Creating a balance between technology and price
Verizon’s news plan is a demonstration of tact and aggression. It has seen the gold in data and is not wasting any time. Households are increasingly becoming the core customers of carriers. This is because practically everything in the house is turning into a data gobbler. As such, it becomes pretty expensive to own several smartphones, a smart TV and few tablets in the name of embracing contemporary technology.
For Verizon, this mounting problem of expense has passed by as a brilliant business opportunity. Instead of charging users per device, its new plan purposely shrouds all devices in the household under one plan. Minutes called and text messages sent will therefore not be a primary factor when considering prices. To add to the allure, customers have the option to choose the price option that matches their estimated monthly data needs.
By doing this, Verizon has created the much-needed balance between the requirement for being technologically forward and cost effectiveness.
I believe that this move is brilliant at the least. The technological space is all about moving forward while at the same time cushioning consumers from inevitable costs. Verizon’s plan will therefore leave everyone smiling. It will be able to make its money, and consumers will be able to meet their diversified data needs under flexible and manageable pricing systems.
Every move in business, however good, always has a flipside. For Verizon, there are a few concerns among investors about the plan. Yes it is a good initiative. All the same, does it play an instrumental role in gleaning higher revenue?
A section of investors believe that the move may push Verizon to the hedges. This is because tightening up on products doesn’t really add up as far as investing is concerned. Most investors believe that diversification creates more options and ultimately reduces risks. The huge worry lies in the fact that some customers may seek other plans elsewhere in the event that they don’t appreciate Verizon’s "toned down" plan.
Personally, I remotely agree that the new plan may have a dire downside. Notwithstanding, I believe that bigger risks mean bigger returns for investors. In the same breath, I am sure that Verizon conducted in-depth research before rolling out the plan. The move is therefore calculated and based on credible driving factors.
AT&T (NYSE:T) is also expected to roll out a similar plan. Although details of its plan are still in the dark, it is believed that its plan will charge users on a monthly basis. What grasps my attention about AT&T, is that it has perpetually formed a habit of coming second to Verizon.
The presumably richer player (just take a look at the disparity in market caps) always plays second fiddle. Its intentions to roll out a new plan started circling the media only after Verizon had rolled out its own plans. Verizon also has the largest 4G LTE network in the nation and in my point of view will make all the good money before AT&T comes to scrape in the leftovers.
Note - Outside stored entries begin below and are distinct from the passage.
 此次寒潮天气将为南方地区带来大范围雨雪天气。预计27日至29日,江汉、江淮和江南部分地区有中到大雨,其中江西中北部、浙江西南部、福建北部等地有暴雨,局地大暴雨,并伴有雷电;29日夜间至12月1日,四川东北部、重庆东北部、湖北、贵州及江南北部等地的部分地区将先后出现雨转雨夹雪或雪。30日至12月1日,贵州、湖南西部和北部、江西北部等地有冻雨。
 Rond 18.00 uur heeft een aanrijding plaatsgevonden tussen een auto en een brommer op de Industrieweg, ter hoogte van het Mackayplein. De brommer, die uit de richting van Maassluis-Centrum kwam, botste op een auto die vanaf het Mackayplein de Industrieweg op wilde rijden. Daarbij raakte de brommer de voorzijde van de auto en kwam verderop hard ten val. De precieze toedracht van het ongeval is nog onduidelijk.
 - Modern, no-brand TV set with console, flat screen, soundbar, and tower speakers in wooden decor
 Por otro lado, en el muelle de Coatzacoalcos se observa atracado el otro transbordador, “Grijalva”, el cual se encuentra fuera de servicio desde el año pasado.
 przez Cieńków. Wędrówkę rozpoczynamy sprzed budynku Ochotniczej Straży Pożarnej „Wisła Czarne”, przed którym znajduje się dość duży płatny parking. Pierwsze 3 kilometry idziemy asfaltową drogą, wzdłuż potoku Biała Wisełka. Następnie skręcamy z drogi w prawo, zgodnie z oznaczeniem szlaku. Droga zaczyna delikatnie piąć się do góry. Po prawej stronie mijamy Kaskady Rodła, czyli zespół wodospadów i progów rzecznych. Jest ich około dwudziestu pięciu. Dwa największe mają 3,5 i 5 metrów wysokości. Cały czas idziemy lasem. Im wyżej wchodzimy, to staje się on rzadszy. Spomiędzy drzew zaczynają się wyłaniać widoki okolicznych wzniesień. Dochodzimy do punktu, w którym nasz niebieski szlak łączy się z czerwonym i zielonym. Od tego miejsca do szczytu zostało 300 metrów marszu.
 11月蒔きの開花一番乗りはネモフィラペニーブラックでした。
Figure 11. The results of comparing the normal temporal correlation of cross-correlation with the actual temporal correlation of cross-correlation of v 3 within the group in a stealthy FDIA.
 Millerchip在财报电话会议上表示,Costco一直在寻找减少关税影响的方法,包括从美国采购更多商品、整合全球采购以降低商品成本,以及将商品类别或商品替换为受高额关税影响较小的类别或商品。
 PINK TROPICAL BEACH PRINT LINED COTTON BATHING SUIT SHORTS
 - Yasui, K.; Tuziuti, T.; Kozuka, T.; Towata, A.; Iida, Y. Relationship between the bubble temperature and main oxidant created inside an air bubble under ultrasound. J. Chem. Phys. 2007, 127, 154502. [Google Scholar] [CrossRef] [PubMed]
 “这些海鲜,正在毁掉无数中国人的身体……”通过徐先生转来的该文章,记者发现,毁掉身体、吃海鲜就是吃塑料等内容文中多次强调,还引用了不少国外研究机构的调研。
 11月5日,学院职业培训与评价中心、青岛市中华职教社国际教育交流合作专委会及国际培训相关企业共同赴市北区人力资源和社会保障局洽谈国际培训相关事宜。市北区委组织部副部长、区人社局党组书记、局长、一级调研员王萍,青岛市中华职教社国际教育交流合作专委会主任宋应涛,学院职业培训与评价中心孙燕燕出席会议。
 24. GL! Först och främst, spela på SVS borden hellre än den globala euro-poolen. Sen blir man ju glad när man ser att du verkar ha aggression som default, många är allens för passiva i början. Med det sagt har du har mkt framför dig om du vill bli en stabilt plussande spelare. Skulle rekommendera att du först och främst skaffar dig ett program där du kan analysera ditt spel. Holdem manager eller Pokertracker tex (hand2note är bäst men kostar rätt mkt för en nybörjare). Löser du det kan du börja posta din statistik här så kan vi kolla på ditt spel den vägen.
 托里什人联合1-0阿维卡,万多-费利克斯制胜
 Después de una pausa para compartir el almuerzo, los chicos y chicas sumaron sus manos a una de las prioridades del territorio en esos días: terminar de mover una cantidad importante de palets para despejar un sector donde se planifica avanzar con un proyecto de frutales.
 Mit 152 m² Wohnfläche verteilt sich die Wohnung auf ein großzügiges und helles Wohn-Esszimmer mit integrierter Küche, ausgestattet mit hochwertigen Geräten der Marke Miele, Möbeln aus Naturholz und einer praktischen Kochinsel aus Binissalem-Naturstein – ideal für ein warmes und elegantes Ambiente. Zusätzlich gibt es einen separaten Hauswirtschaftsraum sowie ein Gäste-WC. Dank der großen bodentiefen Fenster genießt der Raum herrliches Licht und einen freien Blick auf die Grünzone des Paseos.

Meanwhile, Apple is on a headhunt for carriers and T-Mobile is considered to be the next on its hit list. The market is bubbling with expectations, but I am pretty confident that Apple’s ongoing headhunt will have little or no effect in the long run. This is because practically every carrier will be licensed to sell the iPhone.
The real game changer lies in the ability to come up with innovative plans for consumers – something which Verizon has mastered. I recommend a buy.